Dans les 13 pages de la décision, ce qui est très peu, on y découvre que ceci : l'ordre public qui justifie l'atteinte faite par le Législateur à la liberté d'entreprendre et à la liberté d'aller et de venir tient en ce que la loi est justifiée par "des objectifs d'ordre public de police de la circulation et du stationnement sur la voie publique".
Par cette formule mystérieuse, qui suppose donc que l'ordre public en jeu consiste simplement à contraindre les taxis à se répartir sur le territoire municipal dans la contrainte de demeurer dans la zone de leur autorisation de stationnement (s'ils veulent pratiquer la maraude et non pas seulement pratiquer de la conduite sur réservation ou sur contrat). Cela permet à la municipalité d'assurer la présence de suffisamment de véhicules sur le territoires, véhicules en stationnement et en circulation.
On conviendra qu'il est très faible de justifier une atteinte au principe de concurrence par une règle de stationnement et de circulation.
Négativement, il est regrettable que les juges aient fait comme s'ils ne savaient rien de la réalité du secteur.
L'ordre public concurrentiel
La Roxanne d'Uber attendra une autre occasion.
Cette regrettable application de la "neutralité constitutionnelle" au regard du principe de concurrence
Il serait en effet opportun d'ouvrir de droit la concurrence, comme le Conseil d'État a commencé à le faire. Comme la remontée de 3 QPC le même jour, et par la Cour de cassation et par le Conseil d'État, dans un beau mouvement d'ensemble, en donne le signe.
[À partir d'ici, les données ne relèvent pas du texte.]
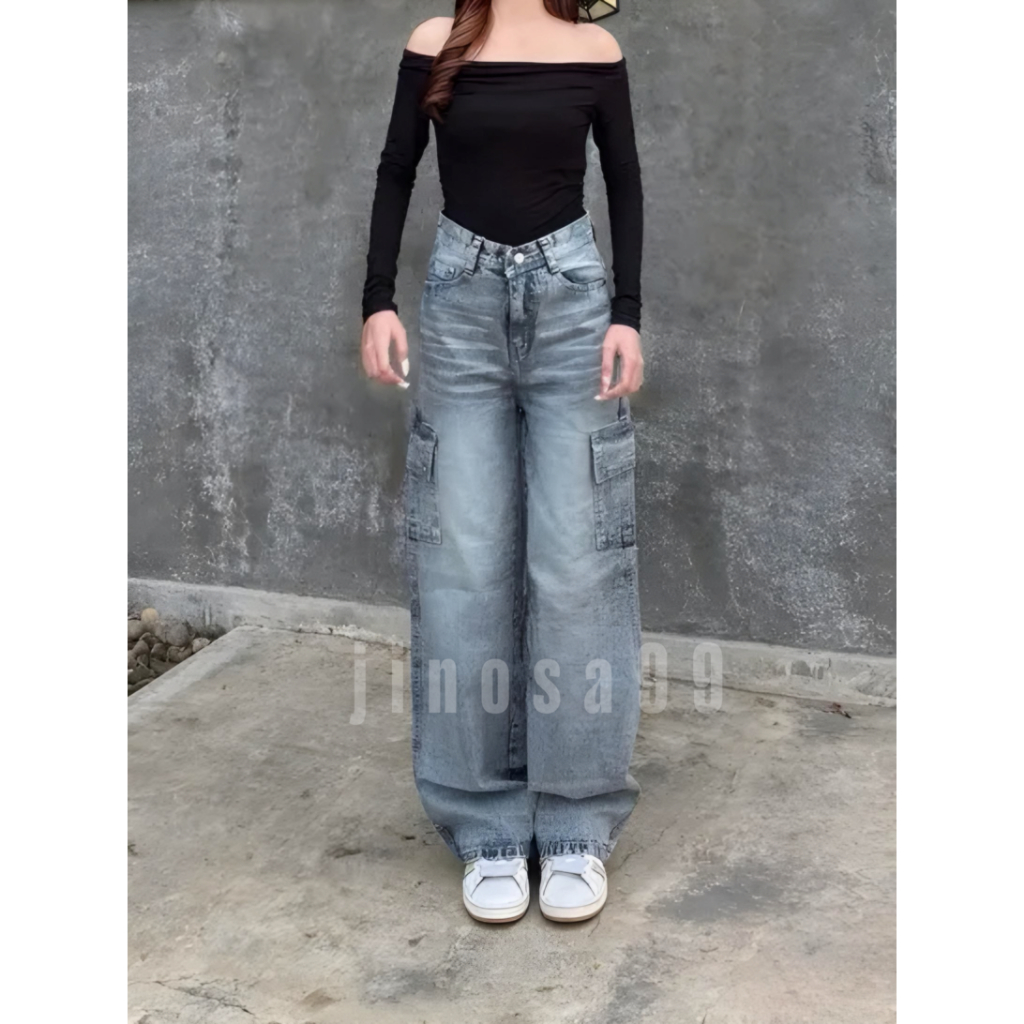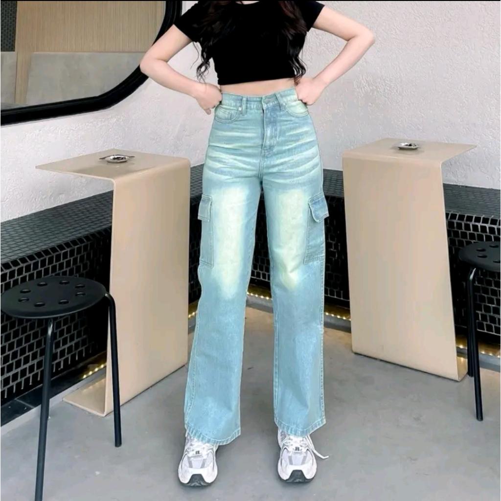 Celana Jeans Cargo Baggy Highwaist – Oversize Korean Style Denim Unisex Terbaru

Il serait de la même façon équitable que le Gouvernement accompagne un mouvement qui s'accomplira de fait, en accompagnant les exploitants qui sont financièrement prisonniers d'un système pervers de "plaques". Le Conseil constitutionnel vient de permettre au Gouvernement de reculer.
Avant de devoir sauter, un jour ou l'autre.
Frison-Roche, M.-A., L'ordre public économique et financier, 2015.
Canivet, G., Prolégomènes à l'étude de la doctrine du Conseil constitutionnel en matière de concurrence, 2015.